At a hastily added session of EU ambassadors in Brussels on Monday afternoon, member states were expected to clear a long-delayed seventh tranche of the European Peace Facility worth roughly 1.4 billion euros, according to two diplomats familiar with the agenda. The tranche, originally scheduled for a March 10 decision, had been pulled twice as ministers focused on Iran-related sanctions enforcement and Gulf evacuation coordination.

Separately, Czech Foreign Minister Jan Lipavský told reporters in Prague that the next procurement cycle of the Czech-led artillery shell initiative would close commitments this week, with Denmark, the Netherlands and Belgium expected to top up pledges. "The pipeline never stopped," he said. "What stopped was attention. Today, attention returns."
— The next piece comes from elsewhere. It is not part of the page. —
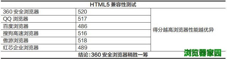 结果分析:6款参测浏览器得分最高的是520分的360安全浏览器,其次是518分的傲游浏览器、517分的QQ浏览器和516分的搜狗高速浏览器,516~518分值相差太小,因此我们可以说本轮测试360安全浏览器稍胜一筹,傲游浏览器、QQ浏览器和搜狗高速浏览器紧随其后,而百度浏览器和红芯企业浏览器跟上述四款浏览器相差较大,还需进一步优化对HTML5的兼容性。

In Berlin, the Bundestag's defense committee scheduled an emergency hearing for Wednesday on a delayed delivery of IRIS-T air-defense systems to Ukraine, after Defense Minister Boris Pistorius confirmed Monday that two units originally bound for Kyiv had been re-routed to a German contingent supporting Gulf air defense at the height of the Iran war. Pistorius said the systems would now ship to Ukraine "within weeks" and that Berlin would accelerate a separate order.

Washington's posture

The European push unfolds against a more ambivalent Washington backdrop. The Trump administration has signaled it intends to keep Ukraine assistance flowing but has resisted moving any supplemental package separately from broader negotiations over reconstruction funding for the Gulf. A senior administration official, speaking on condition of anonymity to discuss internal deliberations, said the White House view was that "Europe is the right anchor for the Ukraine file right now" and that U.S. priorities in the coming weeks would be Iran ceasefire monitoring and oil-market stabilization.
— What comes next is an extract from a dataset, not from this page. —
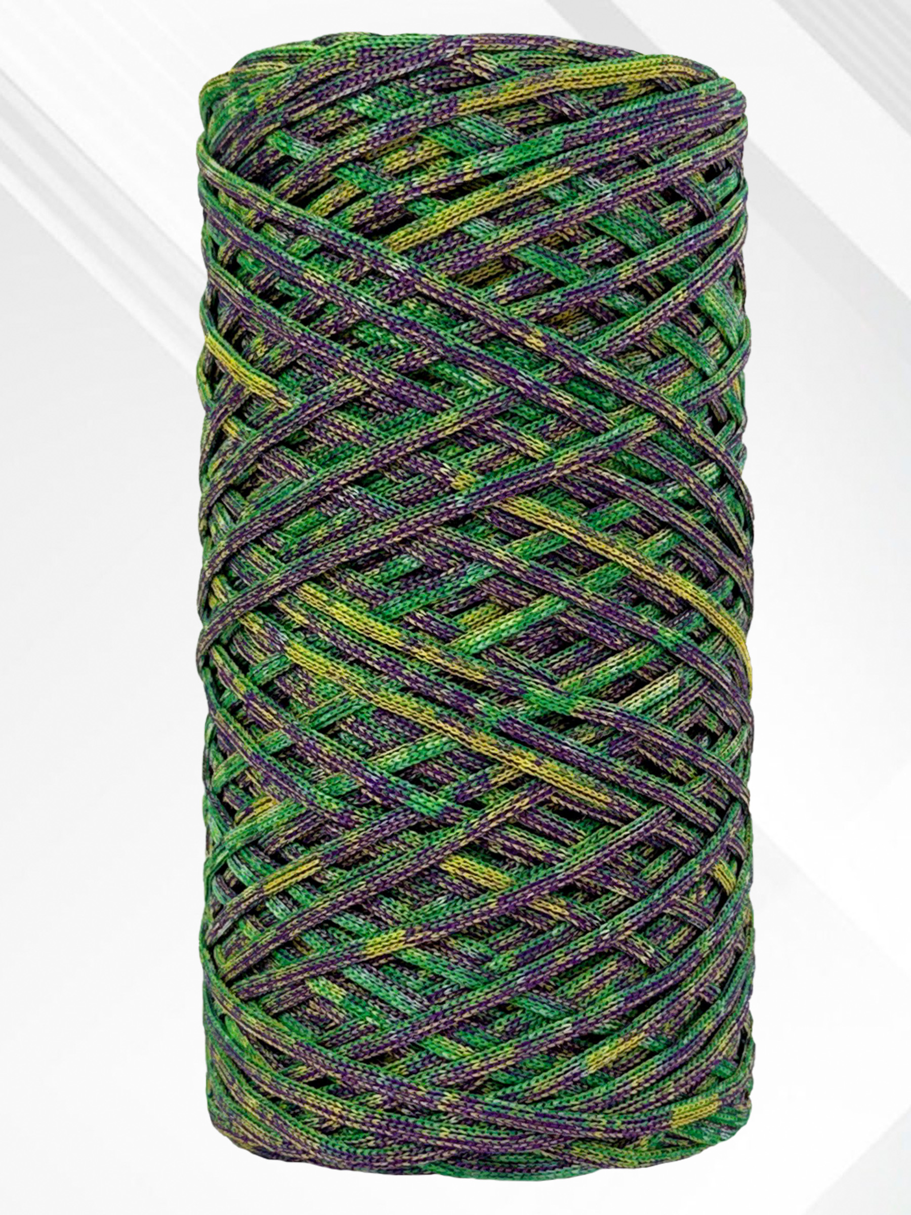 Этот полиэфирный шнур плоский, без сердечника и имеет небольшое растяжение, что придает ему отличную гибкость и легкость. Благодаря этим характеристикам он прекрасно подходит как для вязания крючком и спицами, так и для плетения в технике макраме.

House Speaker Mike Johnson, asked Sunday on a network talk show whether a stand-alone Ukraine package was possible before Memorial Day, said only that "everything is on the table" and "we are going to get the Iran supplemental done first." Senate Democrats, including Foreign Relations ranking member Sen. Jeanne Shaheen, have pressed for a combined package that would pair Iran reconstruction with Ukraine military aid, but no formal text has surfaced.

European officials said they had quietly assumed for weeks that the U.S. timeline would slip into May or June and had begun structuring their own packages to be "bridge-able" — that is, designed to cover Ukrainian needs for 60 to 90 days without relying on new American funding. "We can carry this for a quarter," one French defense official said. "We cannot carry it forever, and Moscow knows that."

Moscow's calculation

Russian officials, for their part, have publicly cheered the post-Islamabad mood music. Foreign Ministry spokeswoman Maria Zakharova on Monday described the Iran ceasefire as "a model of multipolar diplomacy" and said Moscow welcomed any process that "redirects Western attention away from adventurism in Eastern Europe." Russian state television over the weekend featured extensive coverage of Doha's prisoner exchange and EU foreign-minister meetings on Iran, with comparatively little attention to the fighting around Pokrovsk.
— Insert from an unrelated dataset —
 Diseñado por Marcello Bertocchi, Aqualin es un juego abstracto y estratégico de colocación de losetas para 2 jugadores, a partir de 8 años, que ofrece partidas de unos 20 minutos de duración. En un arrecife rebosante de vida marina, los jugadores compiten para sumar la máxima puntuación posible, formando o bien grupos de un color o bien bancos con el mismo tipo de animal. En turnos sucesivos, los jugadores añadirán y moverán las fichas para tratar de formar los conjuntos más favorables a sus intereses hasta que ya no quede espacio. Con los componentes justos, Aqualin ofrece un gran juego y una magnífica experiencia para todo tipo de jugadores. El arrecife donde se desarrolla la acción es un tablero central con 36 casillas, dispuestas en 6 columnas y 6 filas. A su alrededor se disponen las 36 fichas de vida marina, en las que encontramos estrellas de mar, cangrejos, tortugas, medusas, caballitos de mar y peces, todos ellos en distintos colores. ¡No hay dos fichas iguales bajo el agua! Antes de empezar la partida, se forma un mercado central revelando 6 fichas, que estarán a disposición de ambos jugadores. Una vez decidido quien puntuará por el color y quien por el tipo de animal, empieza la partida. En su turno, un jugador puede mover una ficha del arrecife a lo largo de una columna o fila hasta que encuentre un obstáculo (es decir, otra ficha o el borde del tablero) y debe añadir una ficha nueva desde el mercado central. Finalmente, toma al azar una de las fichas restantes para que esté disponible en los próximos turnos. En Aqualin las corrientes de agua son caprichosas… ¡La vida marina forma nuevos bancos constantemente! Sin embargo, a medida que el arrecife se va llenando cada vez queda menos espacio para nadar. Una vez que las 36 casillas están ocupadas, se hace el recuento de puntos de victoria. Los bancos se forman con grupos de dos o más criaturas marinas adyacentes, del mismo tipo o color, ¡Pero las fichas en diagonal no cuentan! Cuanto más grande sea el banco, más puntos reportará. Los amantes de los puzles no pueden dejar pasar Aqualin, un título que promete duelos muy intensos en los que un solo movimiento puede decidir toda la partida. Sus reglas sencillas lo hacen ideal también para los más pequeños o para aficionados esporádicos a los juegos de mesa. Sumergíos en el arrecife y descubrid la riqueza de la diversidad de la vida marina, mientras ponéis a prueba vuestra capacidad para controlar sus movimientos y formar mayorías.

Independent Russian military analysts, several of whom track battlefield reports from outside the country, said the Kremlin appeared to be banking on a window of perhaps eight to ten weeks before Western military aid pipelines fully normalize. "April and May are the moment," one analyst, who asked not to be named because of risks to family members still inside Russia, said by phone from Riga. "After that, the calculus shifts again."

NATO Secretary-General Mark Rutte, speaking briefly to reporters at alliance headquarters Monday, said the secretariat would convene a defense-ministers' video conference later in the week and that contingency planning for "a renewed pace of Russian operations" had never been suspended. He said additional steps on alliance air-policing rotations and Black Sea maritime patrols would be announced after the video conference.